“El
nuevo Obispo de Roma comienza hoy solemnemente su ministerio y la misión de
Pedro. Efectivamente, en esta ciudad desplegó y cumplió Pedro la misión que le
había confiado el Señor.
El
Señor se dirigió a él diciendo: «...Cuando eras joven, tú te ceñías e ibas
adonde querías; cuando envejezcas, extenderás tus manos y otro te ceñirá y te
llevará adonde no quieras« (Jn 21, 18).
¡Pedro
vino a Roma!
¿Qué
fue lo que le guió y condujo a esta Urbe, corazón del Imperio Romano, sino la
obediencia a la inspiración recibida del Señor? Es posible que este pescador de
Galilea no hubiera querido venir hasta aquí; que hubiera preferido quedarse
allá, a orillas del Lago de Genesaret, con su barca, con sus redes. Pero guiado
por el Señor, obediente a su inspiración, llegó hasta aquí.
Según
una antigua tradición (que ha tenido magnífica expresión literaria en una
novela de Henryk Sienkiewicz), durante la persecución de Nerón, Pedro quería
abandonar Roma. Pero el Señor intervino, le salió al encuentro.
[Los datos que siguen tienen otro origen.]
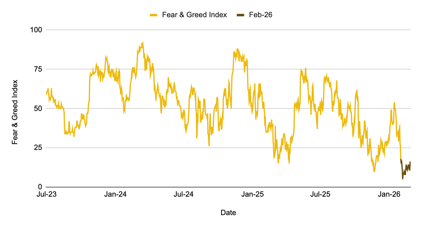 비트코인은 2월 내내 ‘극단적 공포’ 심리 속에서 거래됐습니다. 이는 시장 참여자들의 자신감이 크게 훼손돼 있음을 보여줍니다. 개인 투자자 참여는 줄고, 소셜 미디어의 열기도 식었으며, 레버리지 포지션도 대거 정리됐습니다.
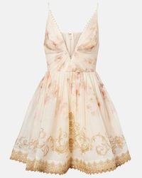 Zimmermann Vestido Corto Illuminate De Lino Y Seda Drapeado de mujer de color neutro
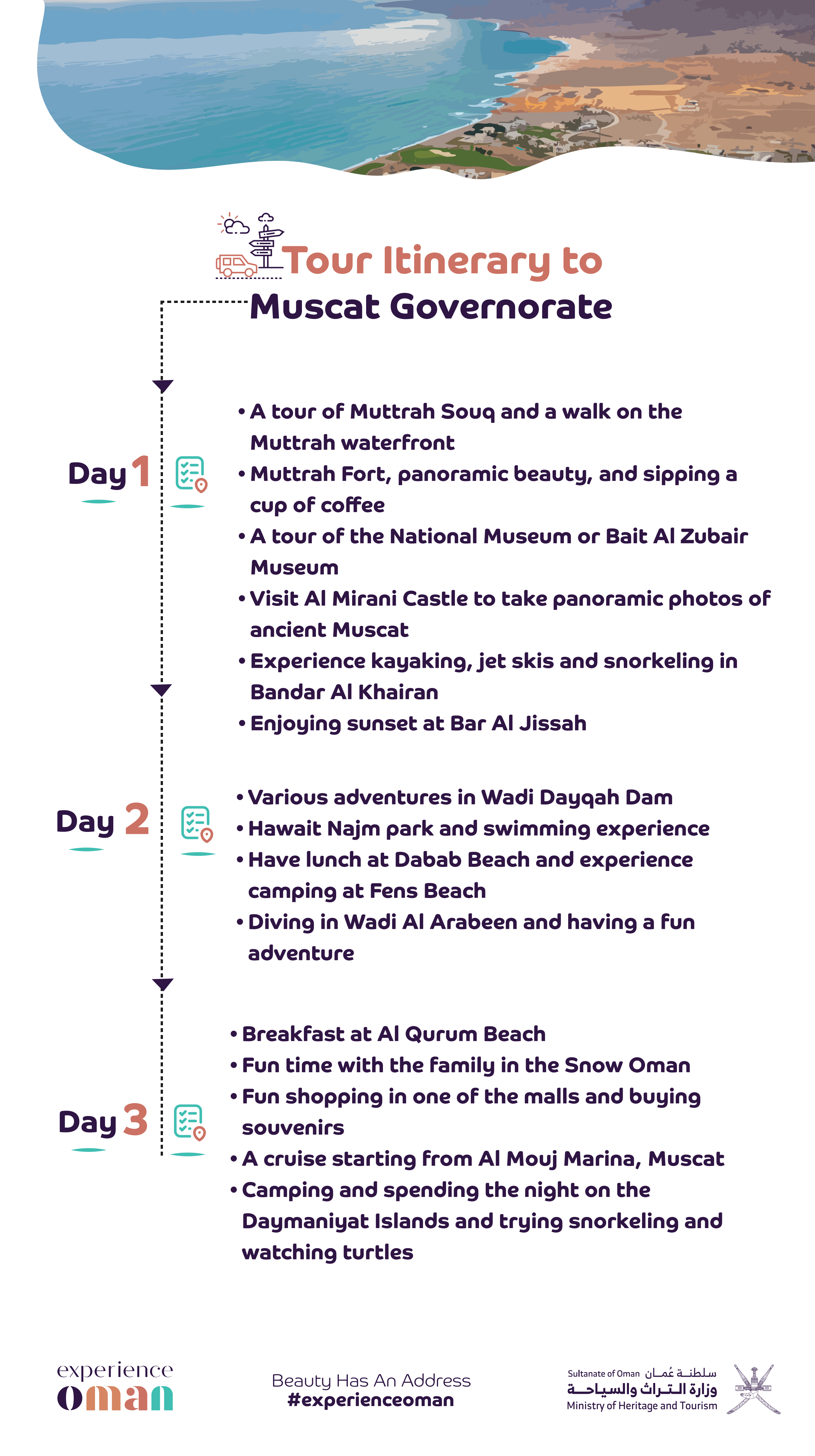 On this page, we provide you with a comprehensive guide to the most prominent suggested tourist programs in Muscat Governorate, carefully designed to ensure you have a unique and exciting travel experience. Whether you are an adventure enthusiast or looking for cultural exploration trips, you will find everything you need to plan your perfect trip here. You can also download the tourist program file for each area to facilitate planning and make the most of your journey. We are always updating this page with more tourist programs and recreational activities, so we recommend following us to stay updated on everything new in the world of tourism in Muscat.
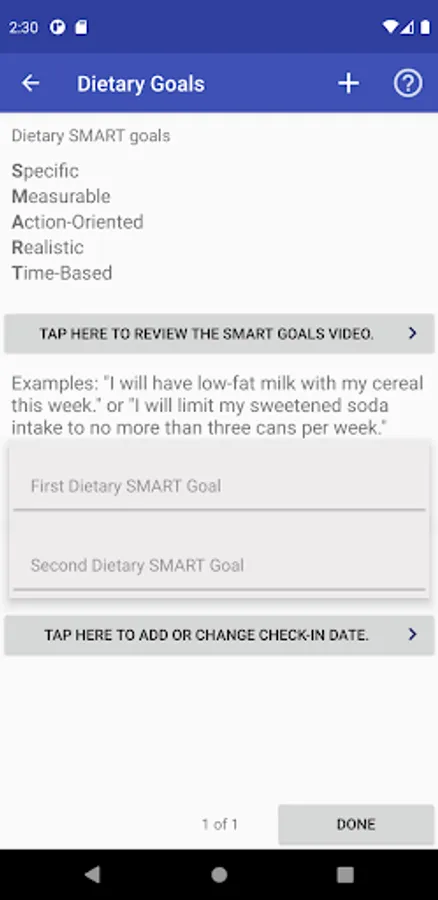 •Tracker – Assists users to track weight daily, set weight loss and SMART goals, and see progress reports and summaries
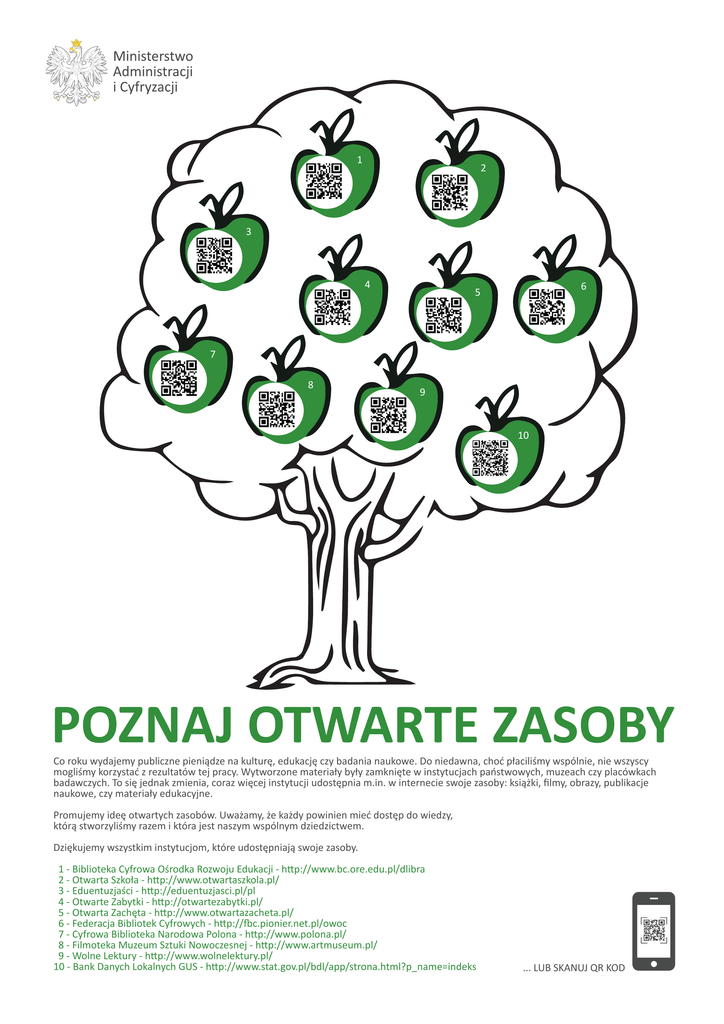 1 2 3 4 6 5 7 8 9 10 POZNAJ OTWARTE ZASOBY Co roku wydajemy publiczne pieniądze na kulturę, edukację czy badania naukowe. Do niedawna, choć płaciliśmy wspólnie, nie wszyscy mogliśmy korzystać z rezultatów tej pracy. Wytworzone materiały były zamknięte w instytucjach państwowych, muzeach czy placówkach badawczych. To się jednak zmienia, coraz więcej instytucji udostępnia m.in. w internecie swoje zasoby: książki, filmy, obrazy, publikacje naukowe, czy materiały edukacyjne. Promujemy ideę otwartych zasobów. Uważamy, że każdy powinien mieć dostęp do wiedzy, którą stworzyliśmy razem i która jest naszym wspólnym dziedzictwem. Dziękujemy wszystkim instytucjom, które udostępniają swoje zasoby. 1 - Biblioteka Cyfrowa Ośrodka Rozwoju Edukacji - http://www.bc.ore.edu.pl/dlibra 2 - Otwarta Szkoła - http://www.otwartaszkola.pl/ 3 - Eduentuzjaści - http://eduentuzjasci.pl/pl 4 - Otwarte Zabytki - http://otwartezabytki.pl/ 5 - Otwarta Zachęta - http://www.otwartazacheta.pl/ 6 - Federacja Bibliotek Cyfrowych - http://fbc.pionier.net.pl/owoc 7 - Cyfrowa Biblioteka Narodowa Polona - http://www.polona.pl/ 8 - Filmoteka Muzeum Sztuki Nowoczesnej - http://www.artmuseum.pl/ 9 - Wolne Lektury - http://www.wolnelektury.pl/ 10 - Bank Danych Lokalnych GUS - http://www.stat.gov.pl/bdl/app/strona.html?p_name=indeks ... LUB SKANUJ QR KOD
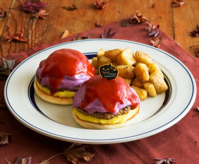 また、同時に発売する『ハロウィンベネディクト』は、パンプキンマッシュポテトとジューシーなハンバーグに紫芋ポタージュをまとわせてあります。ピリッと辛いホットソースがアクセントの食欲が進む一皿です。
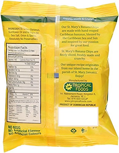 St. Mary's banana chips are made with freshly reaped Caribbean bananas, blessed by the Caribbean Sea and Sun and inspired by St. Mary's passion for great food. St. Mary's banana chips are finely sliced, freshly made and crunchy. This unique recipe originates from the parish of St. Mary, Jamaica. Enjoy!
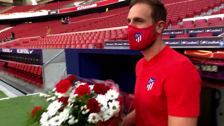 El ‘capitán Oblak’ colocó el ramo de flores en el córner del Metropolitano
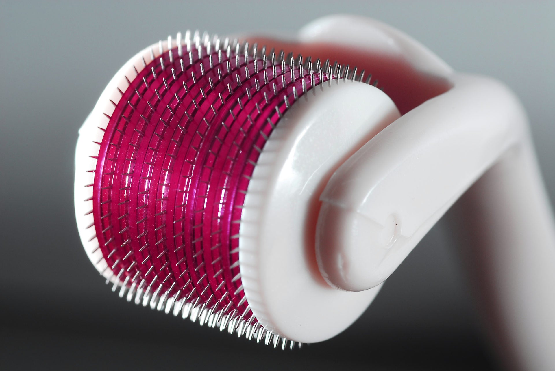 The derma roller for the face has a smaller roller head to fit in smaller areas such as above the top lip and around the eyes.
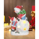 Celebrate the season with this adorable snowman and child Christmas ornament that will add a festive touch to your home or office.
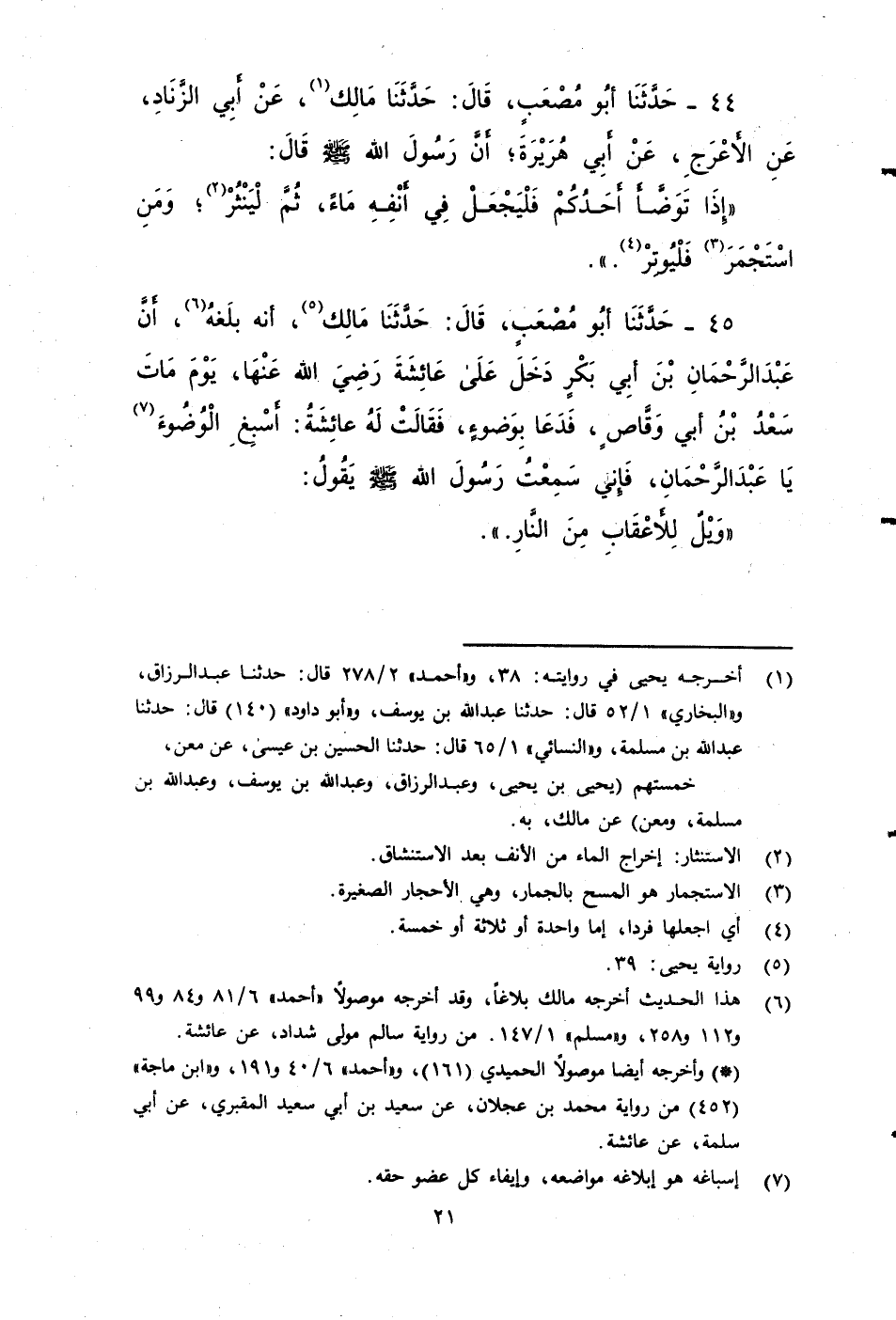 ٤٤ - حَدَّثَنَا أَبُو مُصْعَبٍ، قَالَ: حَدَّثَنَا مَالِكٌ، عَنْ أَبِي الزِّنَادِ، عَنْ الأَعْرَجِ، عَنْ أَبِي هُرَيْرَةَ، أَنَّ رَسُولَ اللَّهِ صَلى الله عَلَيه وَسَلم، قَالَ: إِذَا تَوَضَّأَ أَحَدُكُمْ فَلْيَجْعَلْ فِي أَنْفِهِ مَاءً ثُمَّ لِيَنْثِرْ، وَمَنِ اسْتَجْمَرَ فَلْيُوتِرْ.
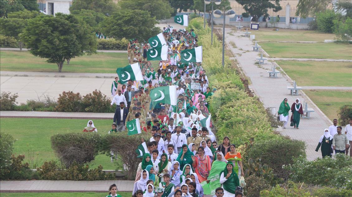 KARACHI, PAKISTAN - AUGUST 14: Pakistani students carry national flag at the mausoleum of the founder of Pakistan Muhammad Ali Jinnah during a ceremony to mark the country’s Independence Day in Karachi, Pakistan on August 14, 2017. Sabir Mazhar
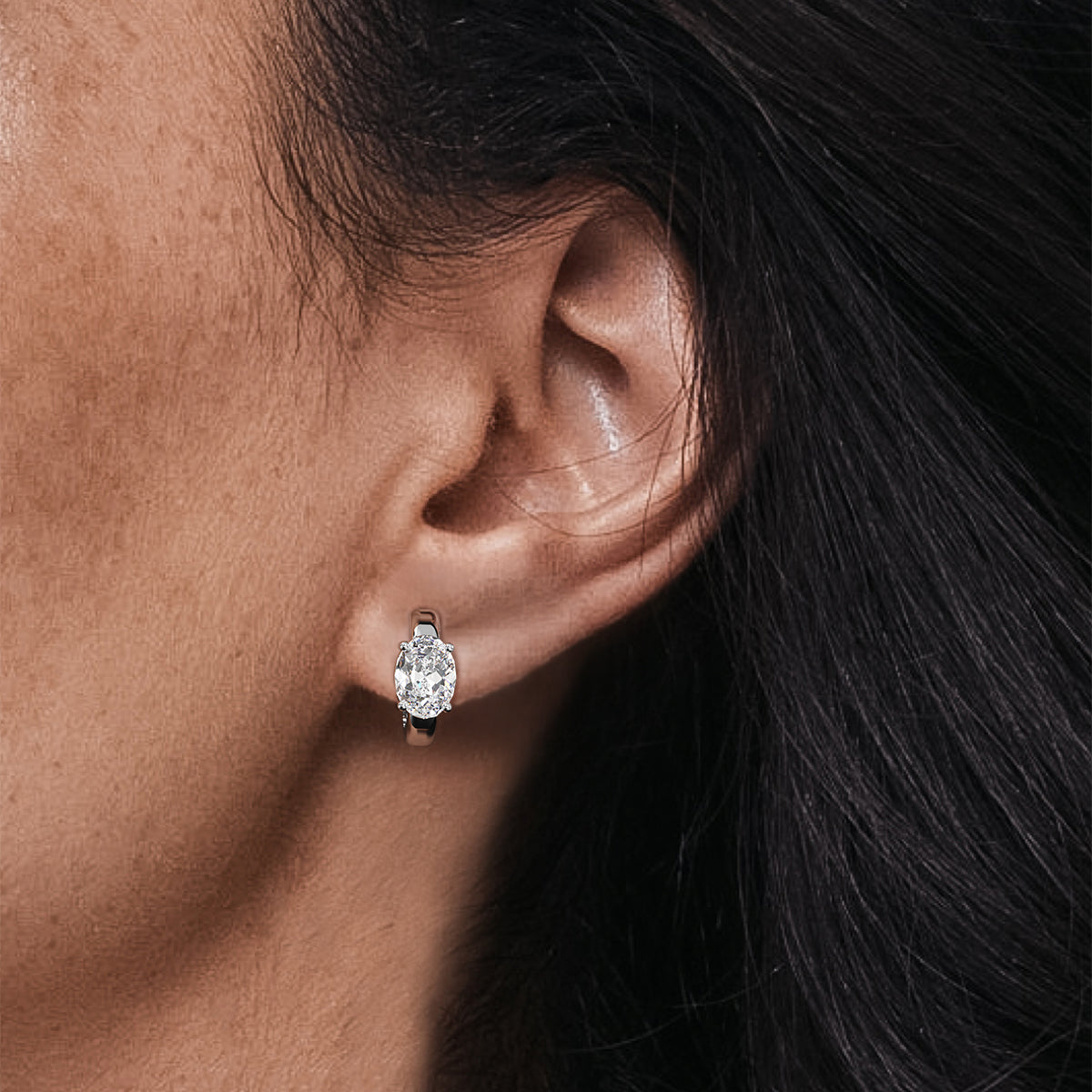 עגילי חישוק יהלומים סוליטר, משובצים 2 קראט יהלומים סה״כ (1 קראט כל עגיל) בזהב לבן 14K העגילים מגיעים בעיצוב קלאסי ונצחי המתאים לענידה יומיומית.
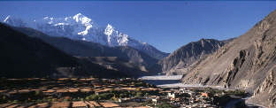 Nepal Reisebericht Trecking Rund um die Annapurnas, der Kali Gandaki, unteres Mustang: Kagbeni, Jomsom, Marpha, Tukuche, Larjung, Daulagiri Eisfall und Kalopani. Berge: Daulagiri, Nilgiri.
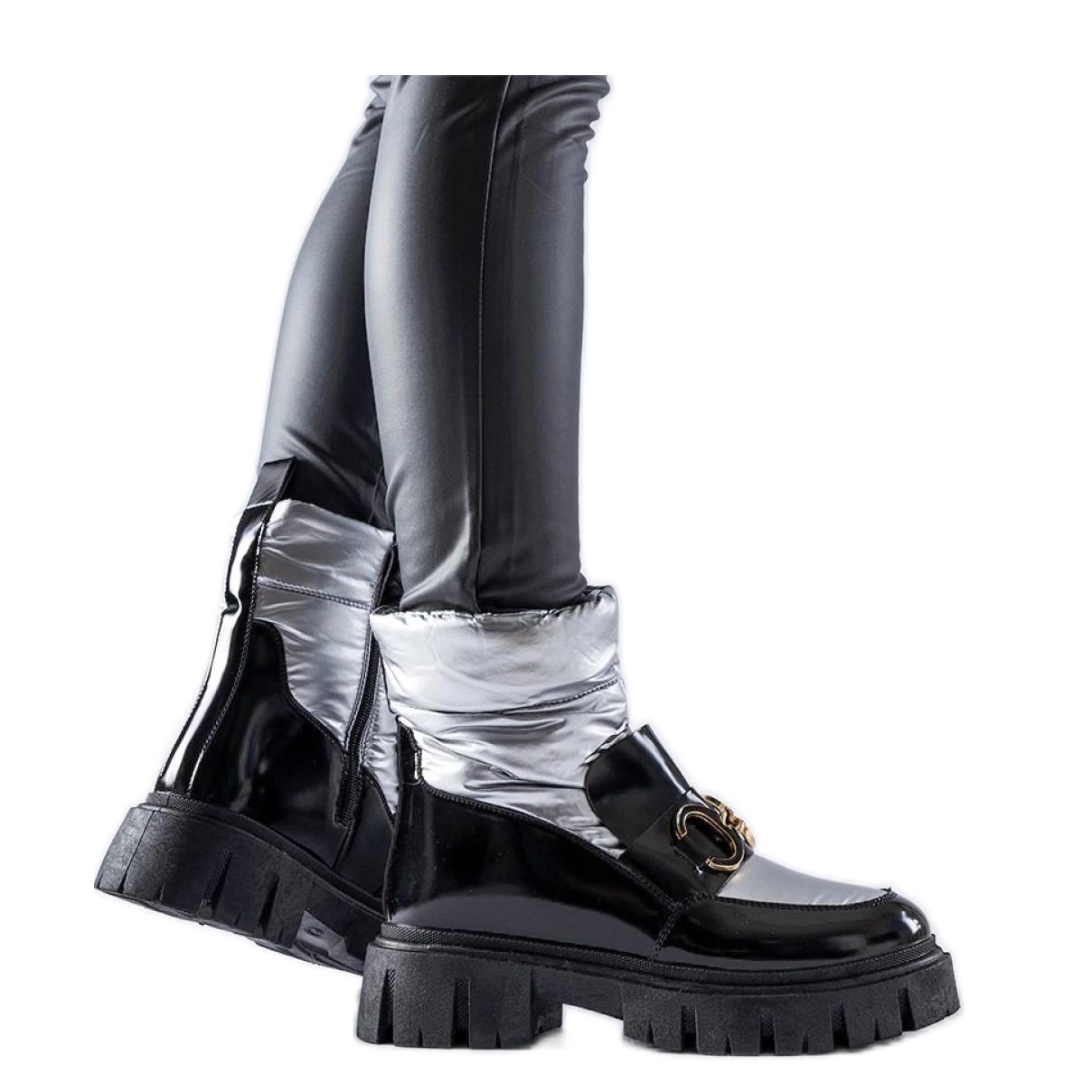 Schwarz und Silber, lackierte Schneestiefel sind die perfekte Lösung für jede Frau, die den Stil unter Winterbedingungen mit Funktionalität kombinieren möchte. Diese eleganten Knöchelschuhe zeichnen sich durch ein einzigartiges Design aus und kombinieren eine modische schwarze Farbe mit subtilen Silberakzenten.
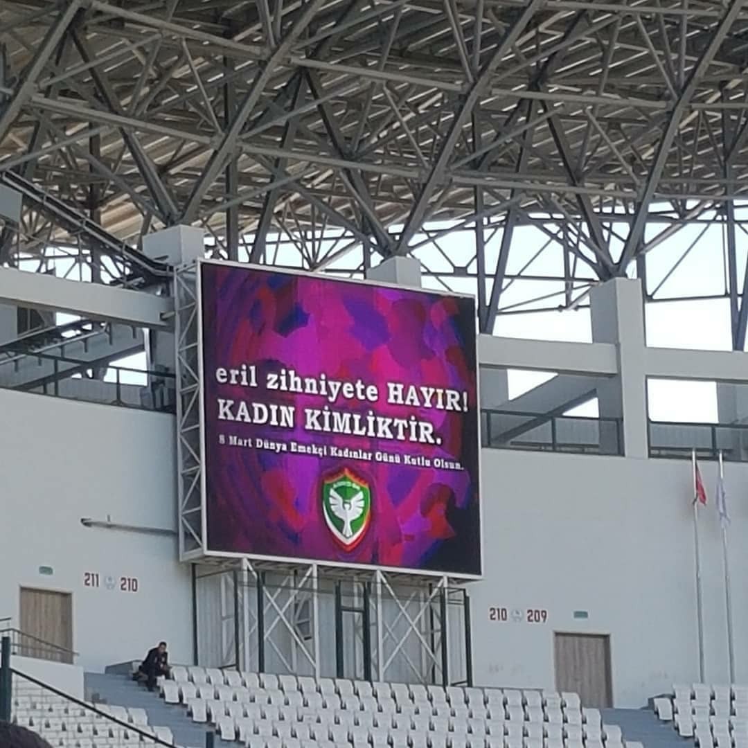 AMED- 8 Mart Dünya Emekçi Kadınlar Günü, Bakurê Kurdistan ve Türkiye’nin dört bir yanında kutlanmaya devam ediyor. Amedspor 8 Mart Dünya Emekçi Kadınlar Günü’nü sahasına ‘Eril zihniyete HAYIR! Kadın Kimliktir’ yazılı bir pankart asarak kutladı.

Pedro se
dirigió a El preguntándole: «Quo vadis, Domine?: ¿Dónde vas, Señor?». Y
el Señor le respondió enseguida: «Voy a Roma para ser crucificado por segunda
vez». Pedro volvió a Roma y permaneció aquí hasta su crucifixión.
Sí,
hermanos e hijos, Roma es la Sede de Pedro. A lo largo de los siglos le han
sucedido siempre en esta sede nuevos Obispos. Hoy, un nuevo Obispo sube a la
Cátedra Romana de Pedro, un Obispo lleno de temblor, consciente de su
indignidad. ¡Y, cómo no temblar ante la grandeza de tal llamada y ante la
misión universal de esta Sede Romana!
A
la Sede de Pedro en Roma sube hoy un Obispo que no es romano. Un Obispo que es
hijo de Polonia. Pero desde este momento, también él se hace romano. Si,
¡romano! También porque es hijo de una nación cuya historia, desde sus primeros
albores, y cuyas milenarias tradiciones están marcadas por un vínculo vivo,
fuerte, jamás interrumpido, sentido y siempre vivido, con la Sede de Pedro; una
nación que ha permanecido siempre fiel a esta Sede de Roma. ¡Oh, el designio de
la Divina Providencia es inescrutable!”
(Juan
Pablo II de la Homilia en el comienzo de
su pontificado, 22 de octubre 1978)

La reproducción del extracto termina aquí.